» Exercise prompt:
The lines below starting at the line containing "Fotodirektdruck auf weißer" and ending at the line containing "Konsept: Armaturen gir" are to be repeated exactly, with both ends kept and nothing else added.
Provided records: Begin
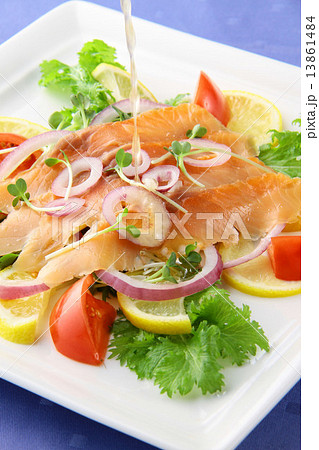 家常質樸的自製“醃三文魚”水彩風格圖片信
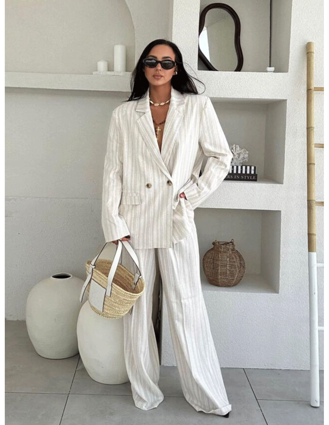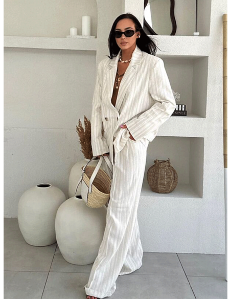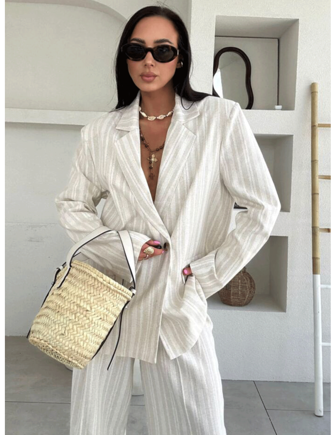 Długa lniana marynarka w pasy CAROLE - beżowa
Provided records: End
Provided records: Begin
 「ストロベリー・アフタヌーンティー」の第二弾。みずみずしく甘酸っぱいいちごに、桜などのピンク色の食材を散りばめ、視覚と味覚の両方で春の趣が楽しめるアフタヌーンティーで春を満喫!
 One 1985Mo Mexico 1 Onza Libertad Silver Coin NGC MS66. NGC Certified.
Provided records: End
Provided records: Begin
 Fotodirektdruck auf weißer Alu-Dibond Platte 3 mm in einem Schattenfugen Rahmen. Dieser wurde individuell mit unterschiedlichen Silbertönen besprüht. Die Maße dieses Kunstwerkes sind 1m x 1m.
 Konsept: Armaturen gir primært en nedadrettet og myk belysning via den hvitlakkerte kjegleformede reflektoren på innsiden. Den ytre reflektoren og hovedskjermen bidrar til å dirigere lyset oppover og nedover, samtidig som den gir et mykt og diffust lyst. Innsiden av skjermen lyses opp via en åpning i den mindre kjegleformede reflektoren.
Provided records: End
» Reply to the task:
 Fotodirektdruck auf weißer Alu-Dibond Platte 3 mm in einem Schattenfugen Rahmen. Dieser wurde individuell mit unterschiedlichen Silbertönen besprüht. Die Maße dieses Kunstwerkes sind 1m x 1m.
 Konsept: Armaturen gir primært en nedadrettet og myk belysning via den hvitlakkerte kjegleformede reflektoren på innsiden. Den ytre reflektoren og hovedskjermen bidrar til å dirigere lyset oppover og nedover, samtidig som den gir et mykt og diffust lyst. Innsiden av skjermen lyses opp via en åpning i den mindre kjegleformede reflektoren.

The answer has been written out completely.